Exercise
Below are some entries. Transcribe the lines from the one holding "非等温介质-材料物性参数定义,粘度模型以及热属性相关信息" to the one holding "Il progetto Vetta", inclusive, but not the pictures among them.

Source information
[Start of section]

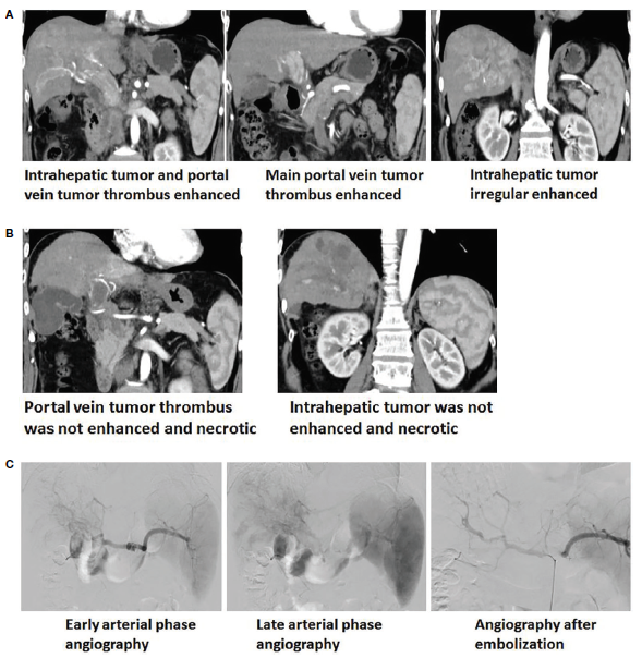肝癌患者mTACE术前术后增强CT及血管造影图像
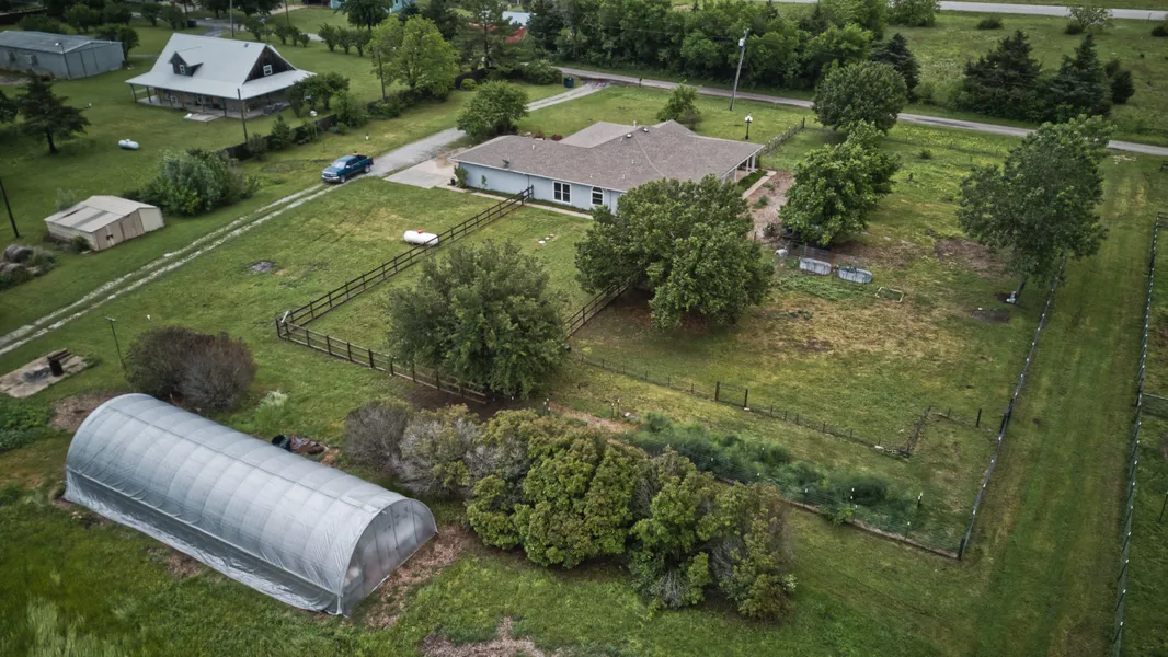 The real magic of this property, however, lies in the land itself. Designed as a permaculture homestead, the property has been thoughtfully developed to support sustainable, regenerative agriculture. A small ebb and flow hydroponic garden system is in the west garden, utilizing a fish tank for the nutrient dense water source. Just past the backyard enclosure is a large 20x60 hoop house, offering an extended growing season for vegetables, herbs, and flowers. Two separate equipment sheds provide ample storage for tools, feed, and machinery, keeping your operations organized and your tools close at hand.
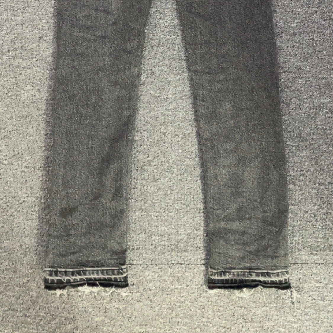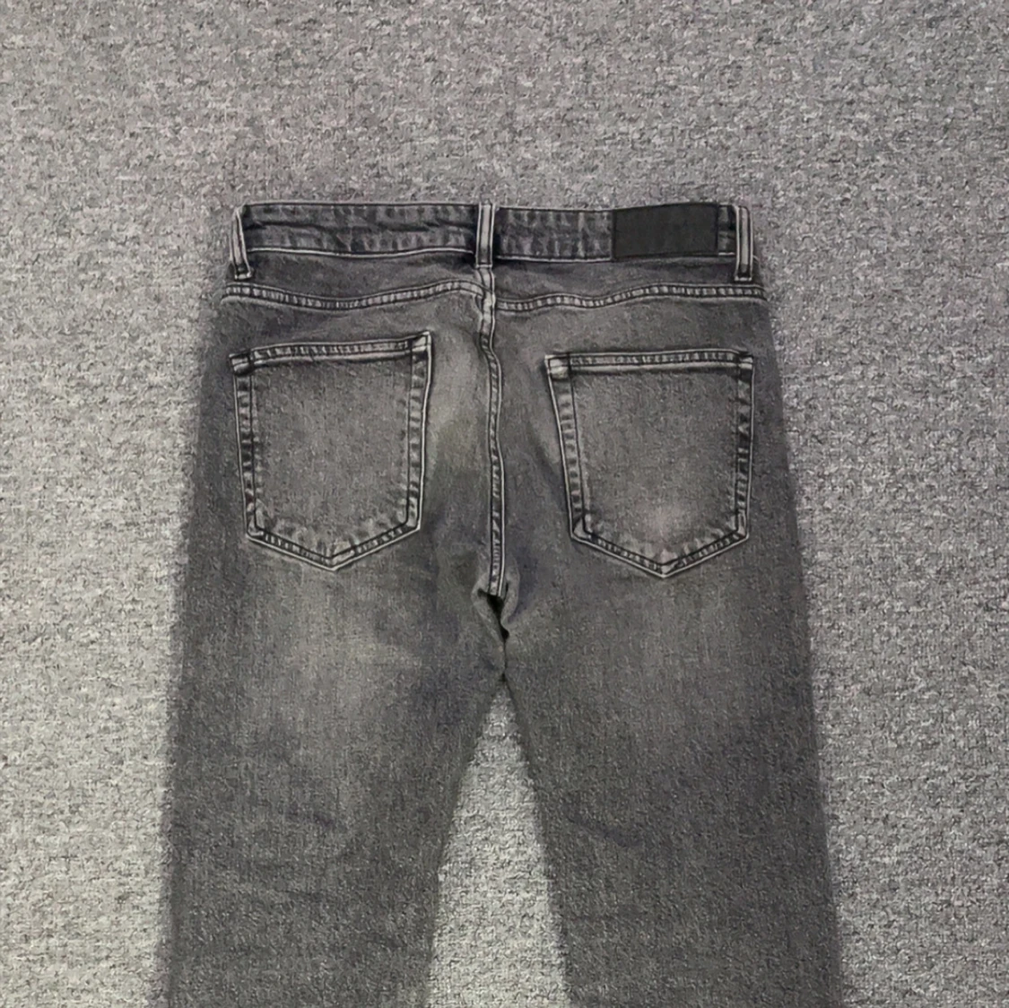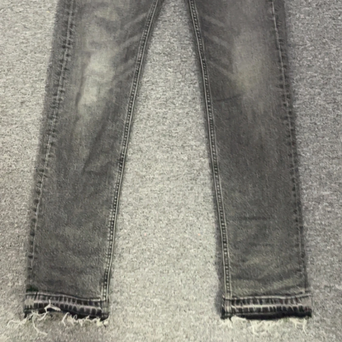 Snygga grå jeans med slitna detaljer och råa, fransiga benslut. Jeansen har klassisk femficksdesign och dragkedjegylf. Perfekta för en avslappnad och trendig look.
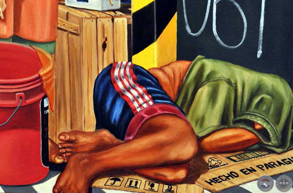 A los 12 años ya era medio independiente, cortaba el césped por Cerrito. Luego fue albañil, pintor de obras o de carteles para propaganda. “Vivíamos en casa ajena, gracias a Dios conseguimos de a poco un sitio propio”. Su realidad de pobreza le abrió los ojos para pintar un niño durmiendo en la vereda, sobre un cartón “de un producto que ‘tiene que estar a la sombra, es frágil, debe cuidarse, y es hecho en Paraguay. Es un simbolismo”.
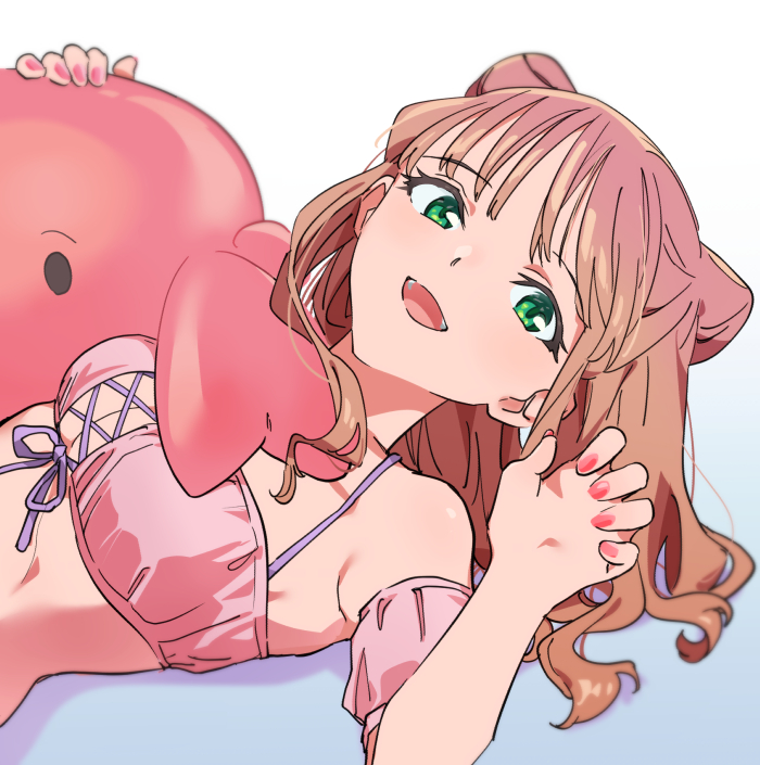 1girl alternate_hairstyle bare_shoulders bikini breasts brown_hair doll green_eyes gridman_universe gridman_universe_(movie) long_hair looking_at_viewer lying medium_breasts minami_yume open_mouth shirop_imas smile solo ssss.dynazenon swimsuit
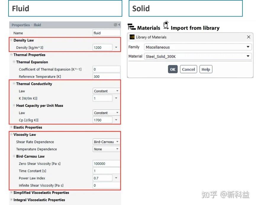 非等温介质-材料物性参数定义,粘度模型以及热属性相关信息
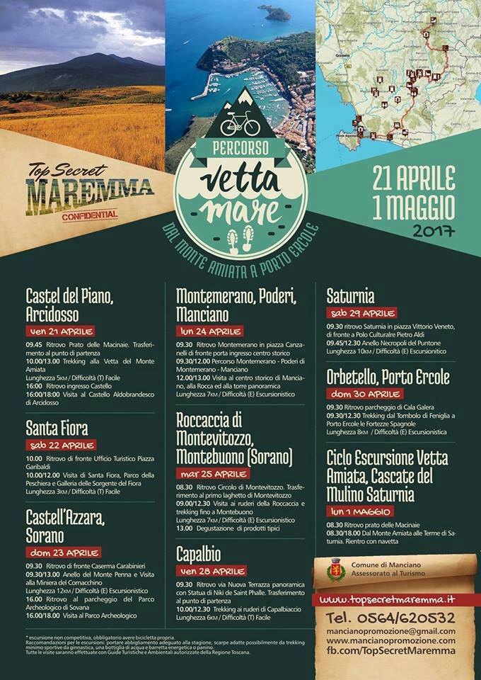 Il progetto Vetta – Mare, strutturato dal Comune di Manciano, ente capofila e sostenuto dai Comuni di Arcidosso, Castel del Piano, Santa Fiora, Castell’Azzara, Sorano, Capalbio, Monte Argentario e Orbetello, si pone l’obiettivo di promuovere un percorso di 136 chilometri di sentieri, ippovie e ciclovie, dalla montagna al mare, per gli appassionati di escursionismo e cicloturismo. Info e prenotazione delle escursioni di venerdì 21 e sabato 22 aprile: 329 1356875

[End of section]
[Start of section]

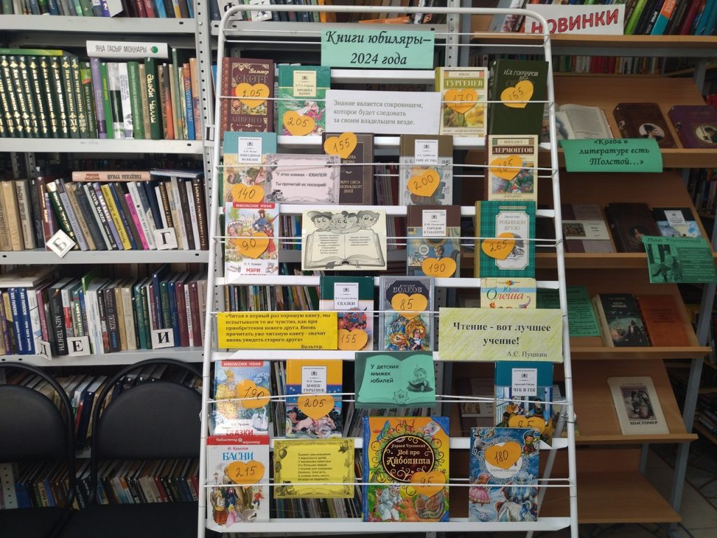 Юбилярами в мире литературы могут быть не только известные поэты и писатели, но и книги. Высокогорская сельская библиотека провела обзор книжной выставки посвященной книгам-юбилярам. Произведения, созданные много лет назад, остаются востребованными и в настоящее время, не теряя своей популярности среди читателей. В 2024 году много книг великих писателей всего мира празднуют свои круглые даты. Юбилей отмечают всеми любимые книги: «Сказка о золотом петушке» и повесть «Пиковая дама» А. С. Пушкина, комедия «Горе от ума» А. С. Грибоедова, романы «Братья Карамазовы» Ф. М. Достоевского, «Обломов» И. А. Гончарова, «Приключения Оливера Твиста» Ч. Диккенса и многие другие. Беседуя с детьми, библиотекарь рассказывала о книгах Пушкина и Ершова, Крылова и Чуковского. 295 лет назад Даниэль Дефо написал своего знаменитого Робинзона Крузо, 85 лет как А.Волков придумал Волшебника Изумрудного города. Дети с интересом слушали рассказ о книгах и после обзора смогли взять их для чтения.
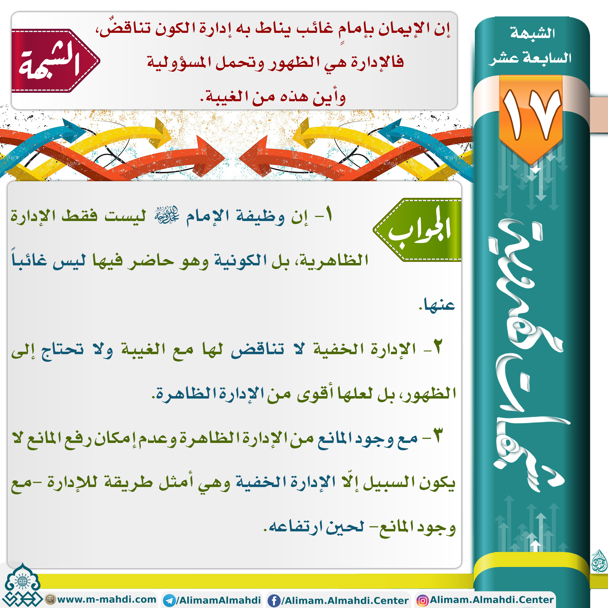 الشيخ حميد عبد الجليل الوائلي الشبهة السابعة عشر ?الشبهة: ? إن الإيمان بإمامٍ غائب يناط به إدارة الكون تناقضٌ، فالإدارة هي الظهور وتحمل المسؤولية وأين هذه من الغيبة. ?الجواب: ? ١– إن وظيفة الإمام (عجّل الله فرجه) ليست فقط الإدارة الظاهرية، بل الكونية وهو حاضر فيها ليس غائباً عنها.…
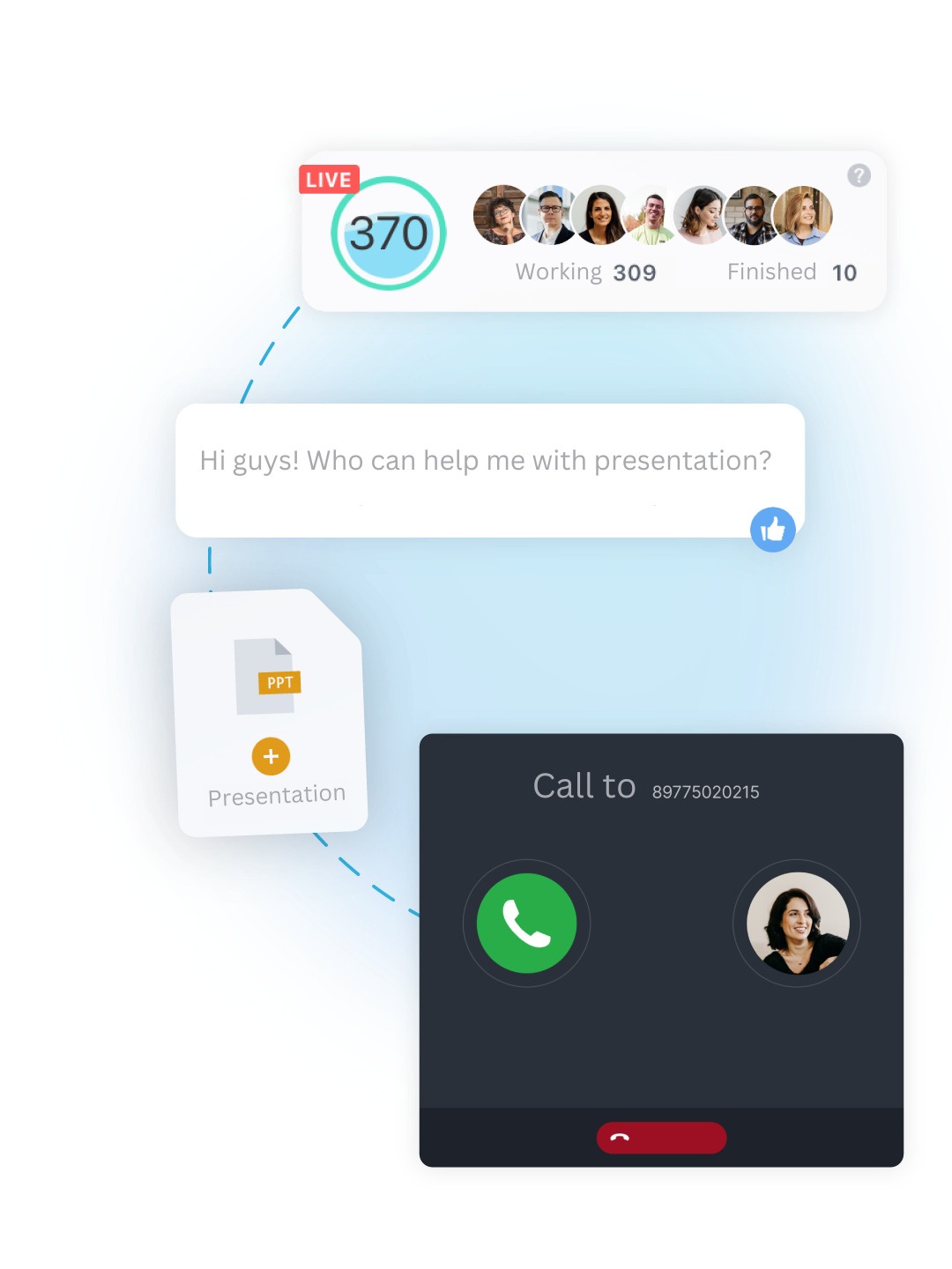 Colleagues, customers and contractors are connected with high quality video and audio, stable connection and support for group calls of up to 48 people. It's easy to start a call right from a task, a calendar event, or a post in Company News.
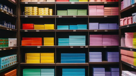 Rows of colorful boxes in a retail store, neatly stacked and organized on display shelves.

[End of section]

Worked solution
 非等温介质-材料物性参数定义,粘度模型以及热属性相关信息
 Il progetto Vetta – Mare, strutturato dal Comune di Manciano, ente capofila e sostenuto dai Comuni di Arcidosso, Castel del Piano, Santa Fiora, Castell’Azzara, Sorano, Capalbio, Monte Argentario e Orbetello, si pone l’obiettivo di promuovere un percorso di 136 chilometri di sentieri, ippovie e ciclovie, dalla montagna al mare, per gli appassionati di escursionismo e cicloturismo. Info e prenotazione delle escursioni di venerdì 21 e sabato 22 aprile: 329 1356875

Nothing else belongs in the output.